The use of perennial biomass crops is expected to increase and will likely be part of a diversified approach to cropping system design that focuses on multiple economic, ecological, and environmental benefits. Field experiments were conducted from 2006 to 2011 at three locations in Minnesota to quantify biomass production across a diverse set of perennial herbaceous and woody crops. Herbaceous crops were harvested annually in the fall while the woody crops were harvested once following five years of growth. Willow produced more total biomass than all other woody and herbaceous biomass crops across all locations. However, miscanthus biomass yield was similar to 'SX67' willow at St. Paul and Waseca, but was dependent on the cultivar of miscanthus. Prairie cordgrass cultivars were among the highest and most consistent yielding herbaceous biomass crops across locations. Miscanthus cultivars produced the highest annual dry matter yield of 35Mgha-1yr-1 biomass, but only during the final year of the study.

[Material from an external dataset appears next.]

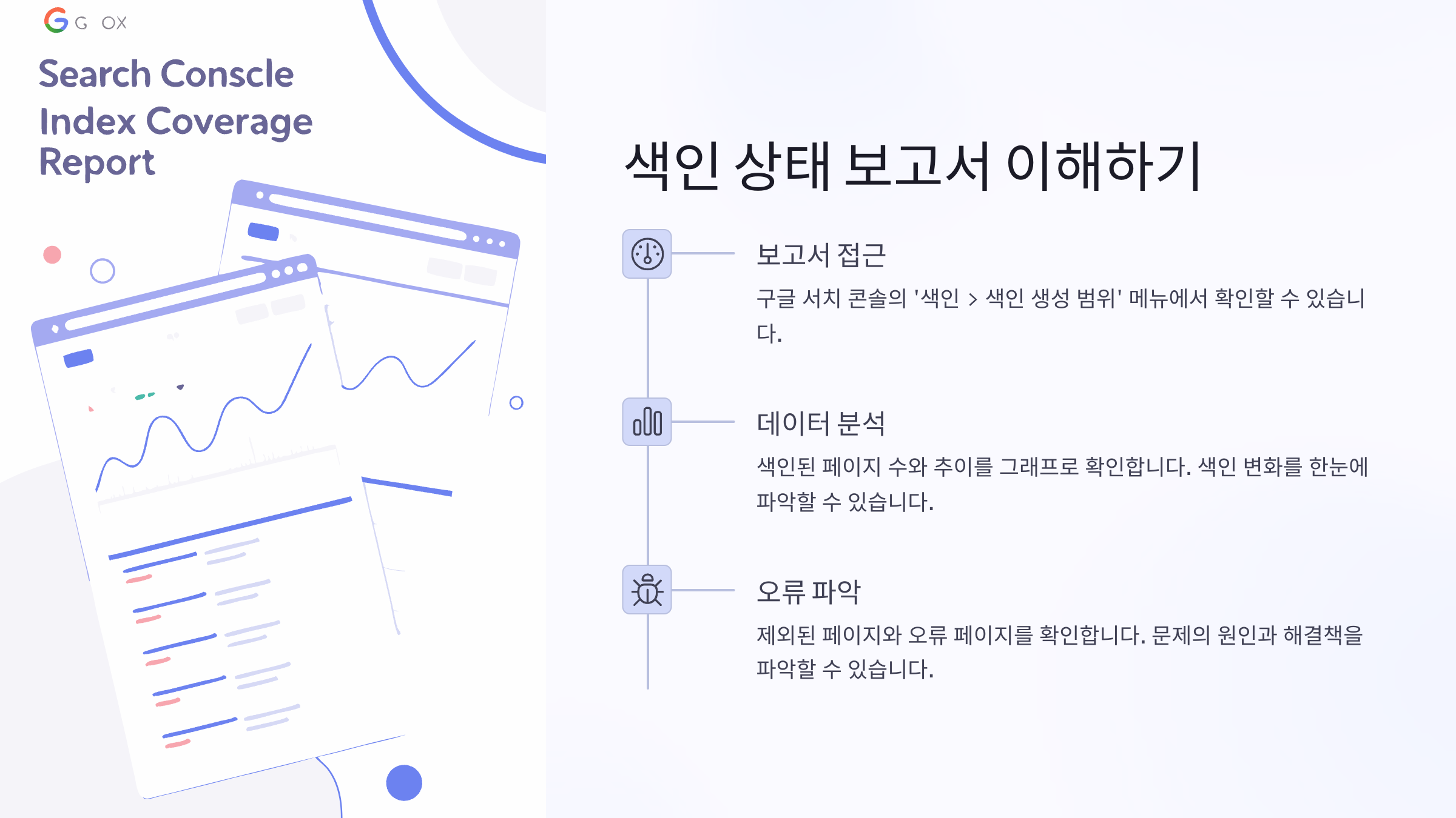 구글 서치 콘솔에서 가장 먼저 확인해야 할 기능 중 하나가 바로 ‘색인 상태 보고서’예요. 이 보고서는 내 사이트에 등록된 페이지 수, 색인 제외된 페이지, 오류 발생 여부 등을 한눈에 보여줘요.

Other herbaceous crops such as switchgrass performed well in certain locations and may offer flexibility in cropping choice. This unique information on comparative biomass yield across a diversity of perennial crops will inform the overall decision-making process in a way that reduces risk and optimizes productivity in specific environments. This study shows that several biomass crop species can be successfully grown as part of a diversified biomass cropping enterprise.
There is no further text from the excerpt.